--- START ---

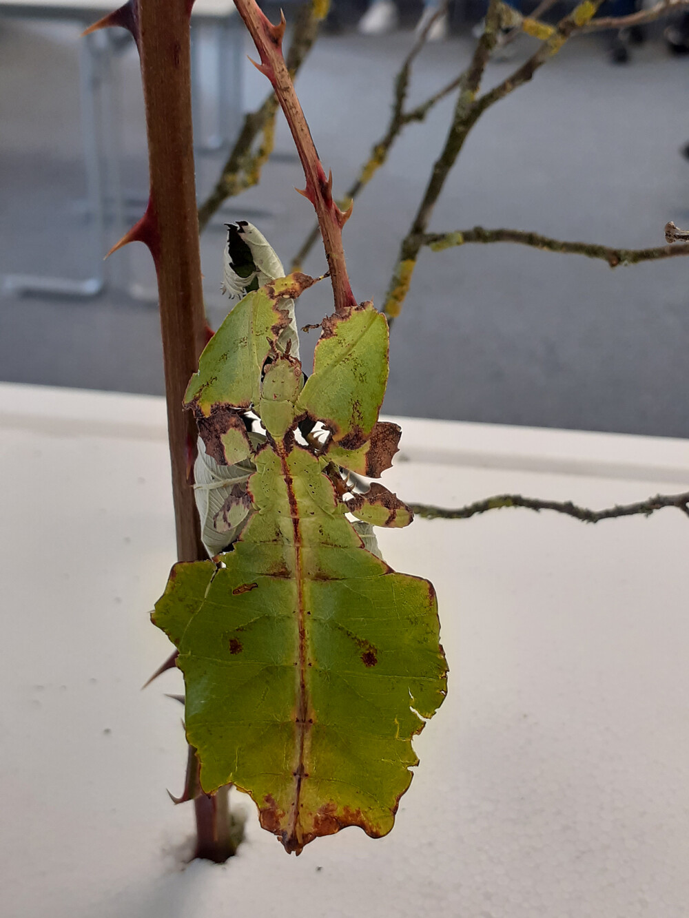 Das wandelnde Blatt, ein Insekt, das täuschend einem Blatt ähnelt, welches von einer Raupe angefressen wurde.
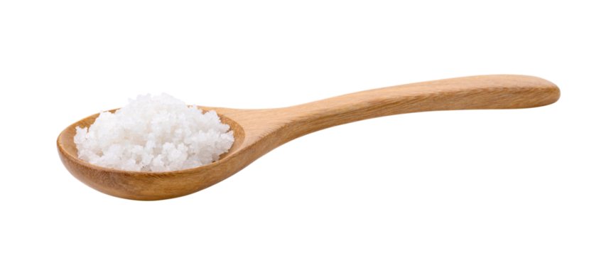 Heap of salt isolated on a transparent background without shadows from above, top view, png
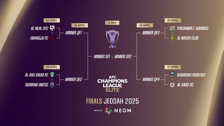 本賽季亞冠精英聯(lián)賽,從1/4決賽開始為集中賽會制的單場淘汰賽,2025年4月25日至5月4日在沙特舉行。
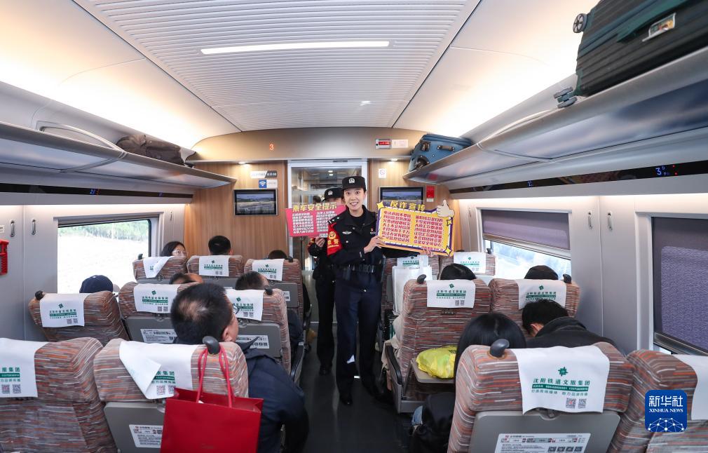 當日,沈陽(yáng)鐵路公安局沈陽(yáng)公安處乘警支隊女子乘務(wù)大隊民警走進(jìn)高鐵車(chē)廂向乘客進(jìn)行反詐騙宣傳和安全乘車(chē)宣傳,增強乘客保護人身和財產(chǎn)安全的意識。
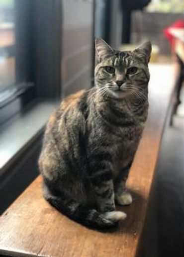 A little black cat, named BC, followed her home one day. Initially very timid, he is now at home here, and the staff adopted him as well. He has also been de-sexed and vaccinated.

--- END ---

EXERCISE
Copy the entries above verbatim. Pictures do not belong in the copy.

RESPONSE TO THIS TASK
 Das wandelnde Blatt, ein Insekt, das täuschend einem Blatt ähnelt, welches von einer Raupe angefressen wurde.
 Heap of salt isolated on a transparent background without shadows from above, top view, png
 本賽季亞冠精英聯(lián)賽,從1/4決賽開始為集中賽會制的單場淘汰賽,2025年4月25日至5月4日在沙特舉行。
 當日,沈陽(yáng)鐵路公安局沈陽(yáng)公安處乘警支隊女子乘務(wù)大隊民警走進(jìn)高鐵車(chē)廂向乘客進(jìn)行反詐騙宣傳和安全乘車(chē)宣傳,增強乘客保護人身和財產(chǎn)安全的意識。
 A little black cat, named BC, followed her home one day. Initially very timid, he is now at home here, and the staff adopted him as well. He has also been de-sexed and vaccinated.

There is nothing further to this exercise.